Potential Improvements
The most obvious improvement would be to update estimations sooner. As logistics is a system of systems, every transition within the system can be quantized and thus predicted. We need not even go into fully instrumented, big-data IoT territory here, merely tracking of each process step and a basic statistical model with sensible confidence intervals.
Optimizing the performance of the technical system is another important part: Are notifications sent late due to product decisions such as "we should not email people at 5:00 in the morning" or because the processing takes too long? This quickly balloons into covering the entire ecosystem: the UPS website and mobile app are not great and not easy to use for consumers, so they would not be a reliable channel for real time, pull, or push notification based updates.
An option that is unlikely to be considered would be to stick to the initial estimate and artificially delay shipments. Would customers prefer being able to reliably plan ahead, or would they rather have a package a day early? Not only does this veer into preference territory, but it comes with a host of logistical challenges: Parcels that don't move take up room and clog up the system.

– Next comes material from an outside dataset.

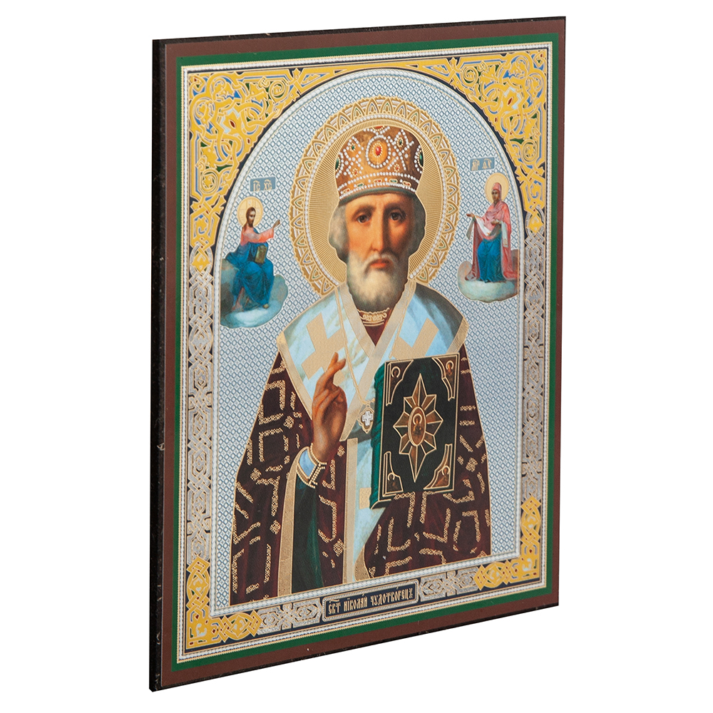 Икона святителя Николая Чудотворца на оргалите с молитвой.

Doing this at scale might easily become problematic. But there might be ways to limit the scope, e.g. to consumers (versus businesses, the main customers of UPS), to estimate corrections of no more than one day, to customers who opted in, and so on. Specifically for UPS, as a consumer, it can become quite annoying if you miss the delivery driver, as your parcel could end up in a pickup location quite far from the original delivery address: UPS pickup points are much sparser compared to others here.
Finally, there are some basic sanity checks that could be implemented, such as clamping the communicated delivery estimate to reality: If the driver leaves at 9:56, don't email at 10:01 to give a delivery window starting from 9:20.
PS: The UPS van came through at 11:04, but the driver did not actually attempt delivery. Instead, UPS emailed at 11:38 that the parcel would go to a pickup point. Obviously, lying to people is the worst UX of all.